- **Problem to solve**:
An exact copy is required of the lines running from the one that contains "De woon-/eetkamer van" to the end of the material, both ends included, with pictures omitted.

- **Given information**:
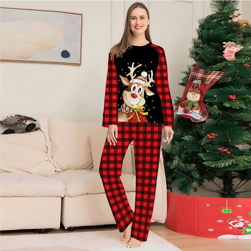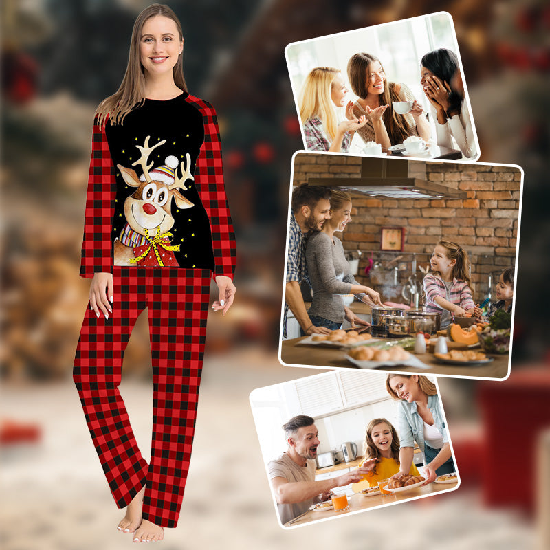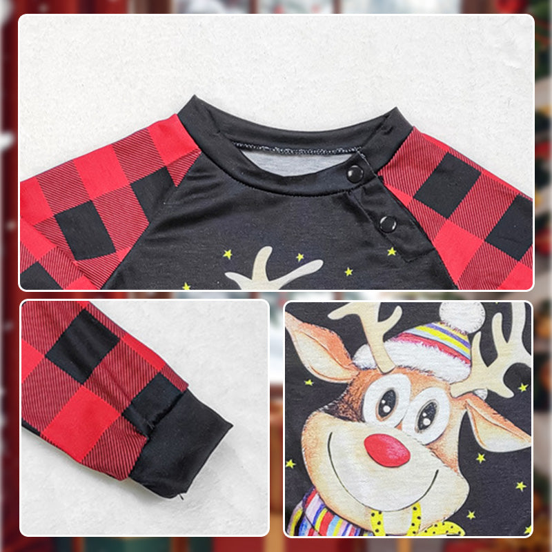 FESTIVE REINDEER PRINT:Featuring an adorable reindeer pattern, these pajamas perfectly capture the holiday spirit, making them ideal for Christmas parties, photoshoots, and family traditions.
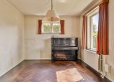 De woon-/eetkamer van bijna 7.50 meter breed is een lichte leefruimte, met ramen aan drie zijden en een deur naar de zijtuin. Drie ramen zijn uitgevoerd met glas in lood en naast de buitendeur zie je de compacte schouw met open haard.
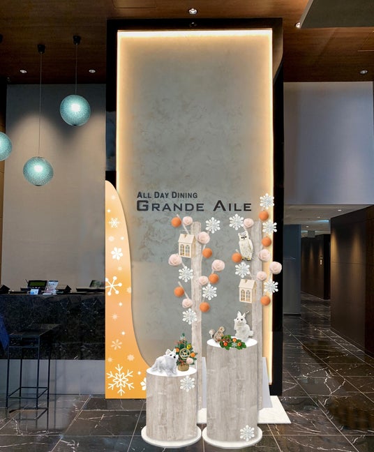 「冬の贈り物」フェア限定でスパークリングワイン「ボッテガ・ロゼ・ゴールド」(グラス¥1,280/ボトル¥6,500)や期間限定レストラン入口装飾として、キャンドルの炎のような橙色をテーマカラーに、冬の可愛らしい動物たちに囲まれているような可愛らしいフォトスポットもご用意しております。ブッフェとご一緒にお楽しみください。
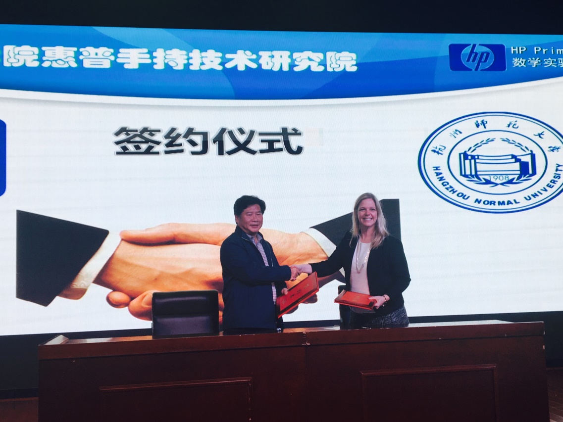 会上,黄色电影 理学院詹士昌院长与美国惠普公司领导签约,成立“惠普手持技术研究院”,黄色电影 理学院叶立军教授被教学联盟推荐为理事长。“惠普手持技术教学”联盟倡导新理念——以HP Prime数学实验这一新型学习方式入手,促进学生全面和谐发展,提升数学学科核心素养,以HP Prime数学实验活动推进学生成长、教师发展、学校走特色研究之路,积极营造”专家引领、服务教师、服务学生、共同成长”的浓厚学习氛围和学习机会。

- **Response area**:
 De woon-/eetkamer van bijna 7.50 meter breed is een lichte leefruimte, met ramen aan drie zijden en een deur naar de zijtuin. Drie ramen zijn uitgevoerd met glas in lood en naast de buitendeur zie je de compacte schouw met open haard.
 「冬の贈り物」フェア限定でスパークリングワイン「ボッテガ・ロゼ・ゴールド」(グラス¥1,280/ボトル¥6,500)や期間限定レストラン入口装飾として、キャンドルの炎のような橙色をテーマカラーに、冬の可愛らしい動物たちに囲まれているような可愛らしいフォトスポットもご用意しております。ブッフェとご一緒にお楽しみください。
 会上,黄色电影 理学院詹士昌院长与美国惠普公司领导签约,成立“惠普手持技术研究院”,黄色电影 理学院叶立军教授被教学联盟推荐为理事长。“惠普手持技术教学”联盟倡导新理念——以HP Prime数学实验这一新型学习方式入手,促进学生全面和谐发展,提升数学学科核心素养,以HP Prime数学实验活动推进学生成长、教师发展、学校走特色研究之路,积极营造”专家引领、服务教师、服务学生、共同成长”的浓厚学习氛围和学习机会。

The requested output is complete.